■ **WHAT NEEDS TO BE DONE**:
Starting at the line with "Inside, the vaulted" and ending at the line with "Frente garrafa de", print exactly the lines of the entries below. Pictures do not belong in the copy.

[[ TASK INPUT open ]]

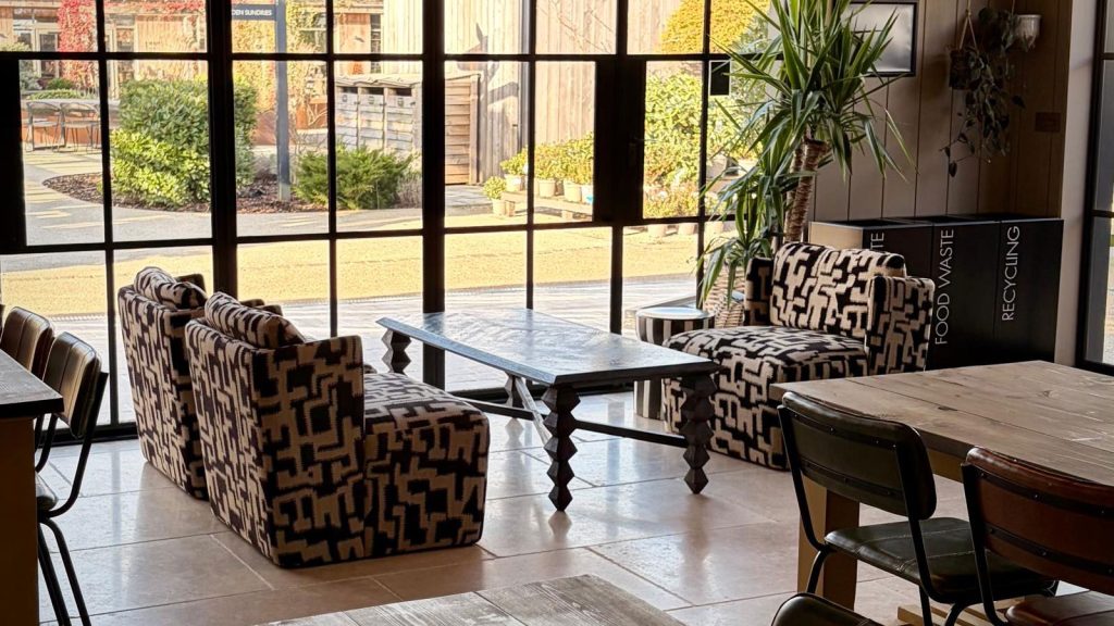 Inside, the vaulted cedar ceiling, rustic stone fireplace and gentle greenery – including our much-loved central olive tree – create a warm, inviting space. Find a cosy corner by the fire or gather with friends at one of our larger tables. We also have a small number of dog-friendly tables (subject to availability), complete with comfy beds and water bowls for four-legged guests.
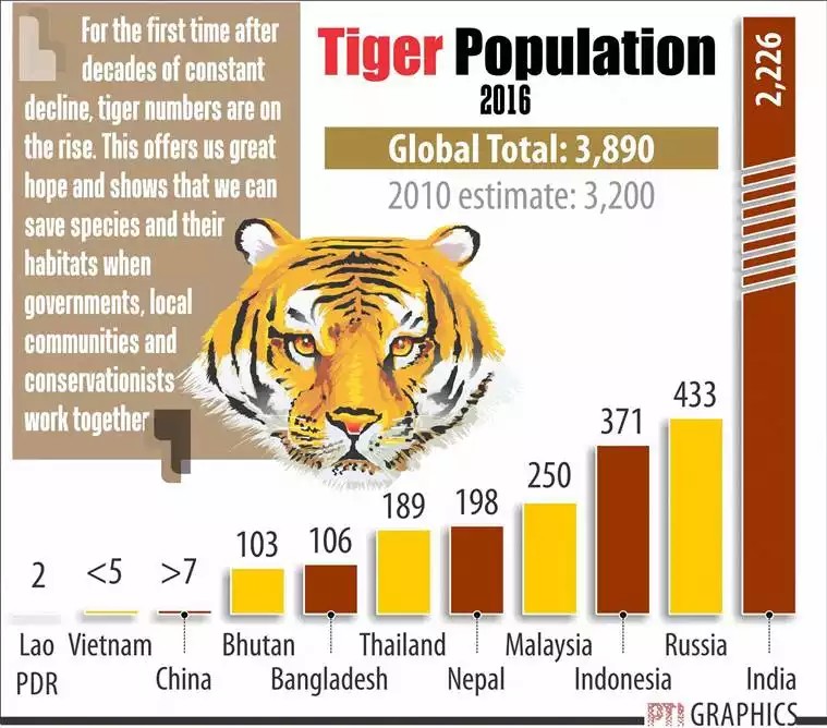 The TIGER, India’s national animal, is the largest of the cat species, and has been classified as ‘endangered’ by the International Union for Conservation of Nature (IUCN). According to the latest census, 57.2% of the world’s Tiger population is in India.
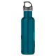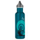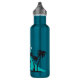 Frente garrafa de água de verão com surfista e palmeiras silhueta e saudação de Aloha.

[[ TASK INPUT closed ]]
[[ TASK INPUT open ]]

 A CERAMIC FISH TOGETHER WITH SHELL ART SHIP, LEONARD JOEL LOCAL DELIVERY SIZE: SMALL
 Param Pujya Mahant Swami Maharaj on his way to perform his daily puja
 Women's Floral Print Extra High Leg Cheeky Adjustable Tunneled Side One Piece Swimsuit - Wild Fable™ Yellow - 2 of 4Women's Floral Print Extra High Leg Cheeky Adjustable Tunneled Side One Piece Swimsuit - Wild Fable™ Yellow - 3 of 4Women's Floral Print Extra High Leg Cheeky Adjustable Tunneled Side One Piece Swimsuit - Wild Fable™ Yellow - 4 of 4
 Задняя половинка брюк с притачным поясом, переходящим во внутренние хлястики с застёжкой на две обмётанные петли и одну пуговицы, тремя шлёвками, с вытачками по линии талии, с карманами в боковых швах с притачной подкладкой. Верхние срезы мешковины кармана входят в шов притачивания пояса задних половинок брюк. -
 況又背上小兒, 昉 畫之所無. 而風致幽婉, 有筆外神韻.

[[ TASK INPUT closed ]]

■ **WRITTEN ANSWER**:
 Inside, the vaulted cedar ceiling, rustic stone fireplace and gentle greenery – including our much-loved central olive tree – create a warm, inviting space. Find a cosy corner by the fire or gather with friends at one of our larger tables. We also have a small number of dog-friendly tables (subject to availability), complete with comfy beds and water bowls for four-legged guests.
 The TIGER, India’s national animal, is the largest of the cat species, and has been classified as ‘endangered’ by the International Union for Conservation of Nature (IUCN). According to the latest census, 57.2% of the world’s Tiger population is in India.
 Frente garrafa de água de verão com surfista e palmeiras silhueta e saudação de Aloha.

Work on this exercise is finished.